WHAT TO DO:
If you see a picture in the data below, omit it and copy the rest exactly.

DATA SUPPLIED:
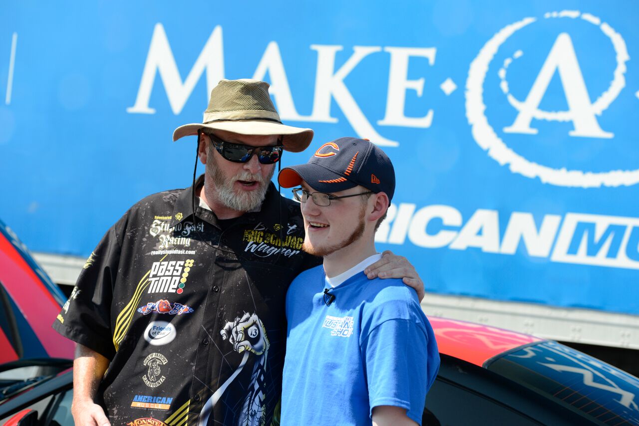 A hallmark of the AmericanMuscle Car Show has always been charity, and this year’s show went further than ever. The proceeds of the show benefitted Make-A-Wish®, which totaled in at a $55,000- our largest amount raised to date; however, the charity didn’t stop there! 18 year old Mustang enthusiast Jonathan Mullins of Portage, MI wished for the AmericanMuscle Team to turn his 2000 V6 into his dream car. As soon as AmericanMuscle heard about Jonathan’s wish, the team sprang into action. After spending hours talking to AM designers creating a sketch of his dream ‘Stang, the wheels were put into motion and the car started coming together. At the show, Jonathan’s Mustang was unveiled to him and the rest of the show’s attendees for the first time, leaving Jonathan absolutely speechless!
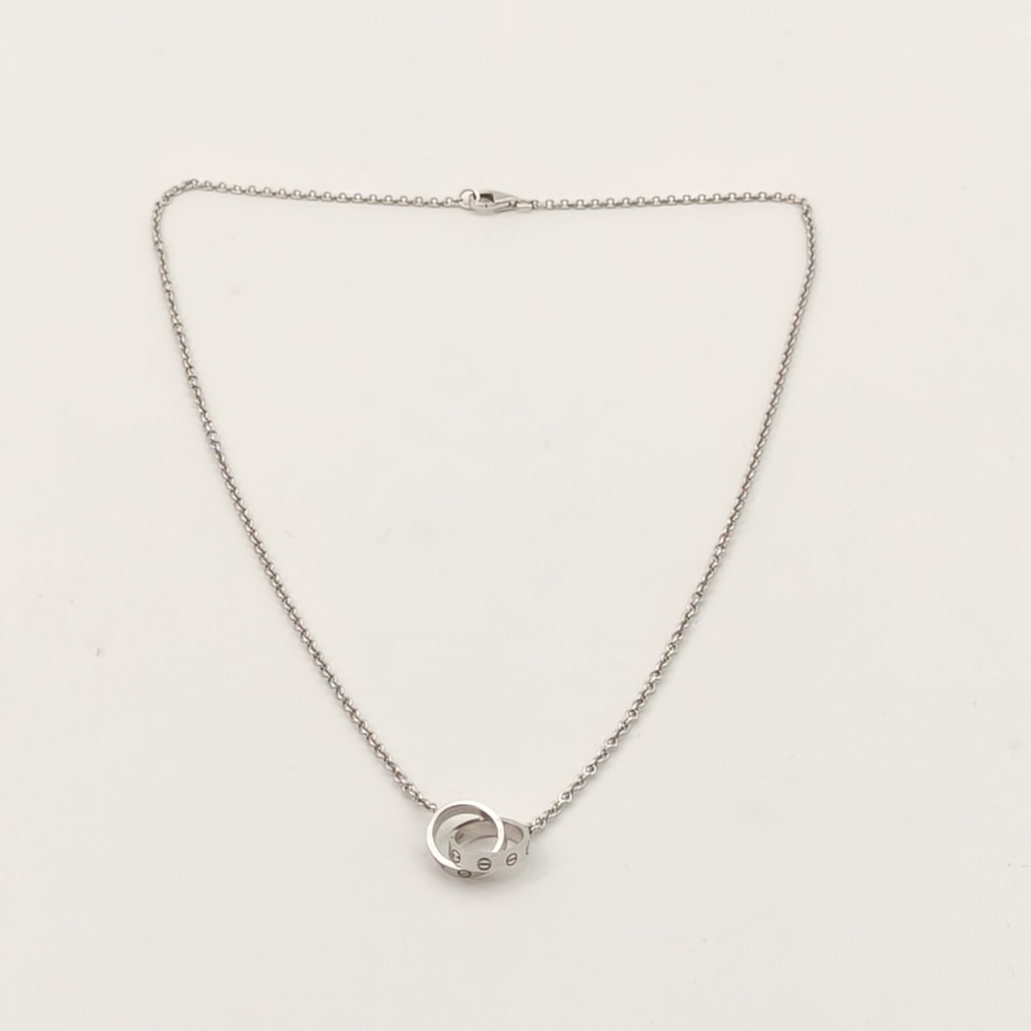 CARTIER LOVE 18K Gold Double Ring Necklace 18K White Gold
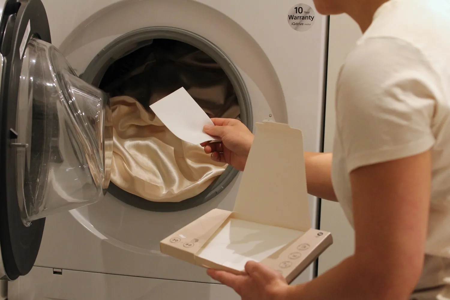 Hvis der skal vaskes mere end 5 kilo, brug 1 hel serviet.
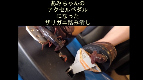 今回はペダルパンピングとザリガニクラッシュを合わせた動画です、コスプレ、ローファーでペダルにみたてたザリガニをどんどん踏んでいきます。
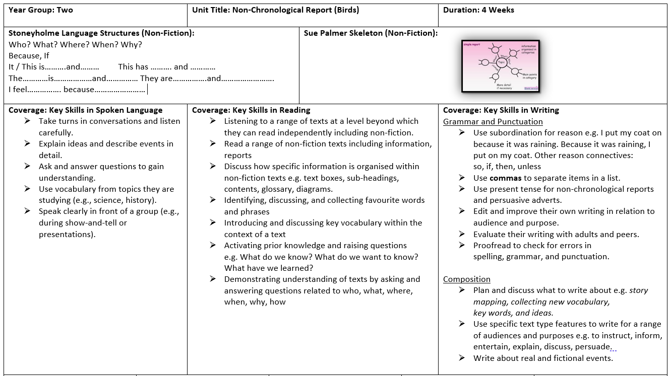 This half term, the children will be learning to read and write non-chronological reports. They will explore how these texts are organised using titles, headings and labelled pictures. The children will practise writing in clear sentences using Year Two grammar and punctuation, including capital letters, full stops, question marks and commas in lists. They will also learn to use expanded noun phrases and factual vocabulary to give their readers more information.
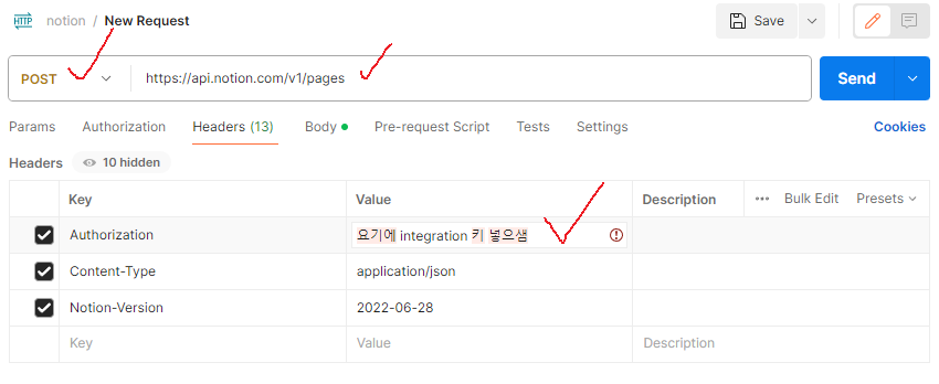 저 Authorization키에는 값으로 아까 통합integration만들때 나온 키 복붙해서 넣으면 됨
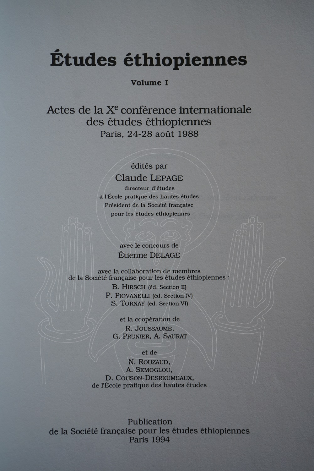 [ICES 10] Études éthiopiennes. Volume 1: Actes de la Xe conférence internationale des études éthiopiennes – Paris, 24-28 août 1988.

RESPONSE TO THIS TASK:
 A hallmark of the AmericanMuscle Car Show has always been charity, and this year’s show went further than ever. The proceeds of the show benefitted Make-A-Wish®, which totaled in at a $55,000- our largest amount raised to date; however, the charity didn’t stop there! 18 year old Mustang enthusiast Jonathan Mullins of Portage, MI wished for the AmericanMuscle Team to turn his 2000 V6 into his dream car. As soon as AmericanMuscle heard about Jonathan’s wish, the team sprang into action. After spending hours talking to AM designers creating a sketch of his dream ‘Stang, the wheels were put into motion and the car started coming together. At the show, Jonathan’s Mustang was unveiled to him and the rest of the show’s attendees for the first time, leaving Jonathan absolutely speechless!
 CARTIER LOVE 18K Gold Double Ring Necklace 18K White Gold
 Hvis der skal vaskes mere end 5 kilo, brug 1 hel serviet.
 今回はペダルパンピングとザリガニクラッシュを合わせた動画です、コスプレ、ローファーでペダルにみたてたザリガニをどんどん踏んでいきます。
 This half term, the children will be learning to read and write non-chronological reports. They will explore how these texts are organised using titles, headings and labelled pictures. The children will practise writing in clear sentences using Year Two grammar and punctuation, including capital letters, full stops, question marks and commas in lists. They will also learn to use expanded noun phrases and factual vocabulary to give their readers more information.
 저 Authorization키에는 값으로 아까 통합integration만들때 나온 키 복붙해서 넣으면 됨
 [ICES 10] Études éthiopiennes. Volume 1: Actes de la Xe conférence internationale des études éthiopiennes – Paris, 24-28 août 1988.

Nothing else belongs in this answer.